Вадим Николаевич подошел к стволу, ухватился за выступы коры и полез. На самом верху он уселся поудобнее на толстый сук и повернулся лицом на восток. Тихо пробегали волны по серо-голубой озерной глади. На горизонте ни точки, ни черточки. Вадим Николаевич посмотрел в северную сторону и помрачнел: над болотом черными змеями вились дымы — это рвались гранаты и артиллерийские снаряды. Значит, партизаны продолжали сражаться с врагом не на жизнь, а на смерть.
С юга, из-за горизонта, огромным черным клином выползала туча. Она шла против ветра, и это было верной приметой, что будет гроза.
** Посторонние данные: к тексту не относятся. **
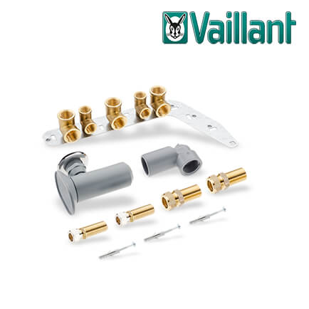 • Vaillant VC/VCW/VCI-Installations-Set Rohbaukonsole, UP – Montageblech mit Anschlusswinkeln Heizkreis 2 x Rp 3/4, Gas Rp 3/4

И вскоре засверкали молнии. «Ну вот и выпросили кани водички! — подумал учитель. — Близится ненастье…» Ну что ж! Теперь им не страшны ни ветер, ни дождь — стены шалаша должны выдержать.
Стоило Вадиму Николаевичу спуститься на землю, Алесь не утерпел — тут же полез на дуб.
— А остров наш не такой уж и большой! — кричал он сверху. — В длину метров четыреста и в ширину метров двести. И поляны есть — вон одна, а вон другая… На южном берегу почти нет леса, одни кусты.
Пора было возвращаться к шалашу. Там Вадим Николаевич стал укладывать девочку спать. Она поплакала немного, но быстро угомонилась. Когда прикрыли дерюжкой вход и в шалаше сразу стемнело, девочка утихла и заснула.
Алесь и Вадим Николаевич пристроились рядом и молча вспоминали события прошедшего дня. Алесь решил, что учитель спит, но Вадим Николаевич зашевелился и шепотом сказал:
— Слушай-ка, Алесь, а что же было с твоим дядькой? И с тем немцем-антифашистом, который к вам заходил?
— С дядькой?..
Глава восьмая
Эх, дядька, дядька! До такого докатился! Пусть бы уж торговал в магазине хомутами, селедками да халвой — хорошо ли, плохо — не так уж важно, главное — за человека тебя считали! А теперь? Людей продаешь! И много же ты хотел заработать — не только собственный покой, а еще тебе подавай и уважение фашистов. Но не всегда бывает как задумывается.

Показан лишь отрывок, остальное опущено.